Collection entries

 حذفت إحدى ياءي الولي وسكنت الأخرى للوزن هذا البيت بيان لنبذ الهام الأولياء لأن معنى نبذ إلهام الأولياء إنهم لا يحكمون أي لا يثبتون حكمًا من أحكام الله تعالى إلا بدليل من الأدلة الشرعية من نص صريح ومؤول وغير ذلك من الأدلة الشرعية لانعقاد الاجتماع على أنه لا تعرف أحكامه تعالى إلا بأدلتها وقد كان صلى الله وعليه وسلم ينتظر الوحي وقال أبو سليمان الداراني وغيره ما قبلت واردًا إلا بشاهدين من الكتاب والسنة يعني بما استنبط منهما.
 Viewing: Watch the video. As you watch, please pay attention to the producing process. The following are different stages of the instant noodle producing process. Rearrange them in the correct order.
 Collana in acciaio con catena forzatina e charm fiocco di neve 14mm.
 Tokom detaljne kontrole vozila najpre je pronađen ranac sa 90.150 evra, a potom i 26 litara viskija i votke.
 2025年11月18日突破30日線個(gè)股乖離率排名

Work instruction:
If a line appears above, it belongs in your answer, printed exactly.

Finished task:
 حذفت إحدى ياءي الولي وسكنت الأخرى للوزن هذا البيت بيان لنبذ الهام الأولياء لأن معنى نبذ إلهام الأولياء إنهم لا يحكمون أي لا يثبتون حكمًا من أحكام الله تعالى إلا بدليل من الأدلة الشرعية من نص صريح ومؤول وغير ذلك من الأدلة الشرعية لانعقاد الاجتماع على أنه لا تعرف أحكامه تعالى إلا بأدلتها وقد كان صلى الله وعليه وسلم ينتظر الوحي وقال أبو سليمان الداراني وغيره ما قبلت واردًا إلا بشاهدين من الكتاب والسنة يعني بما استنبط منهما.
 Viewing: Watch the video. As you watch, please pay attention to the producing process. The following are different stages of the instant noodle producing process. Rearrange them in the correct order.
 Collana in acciaio con catena forzatina e charm fiocco di neve 14mm.
 Tokom detaljne kontrole vozila najpre je pronađen ranac sa 90.150 evra, a potom i 26 litara viskija i votke.
 2025年11月18日突破30日線個(gè)股乖離率排名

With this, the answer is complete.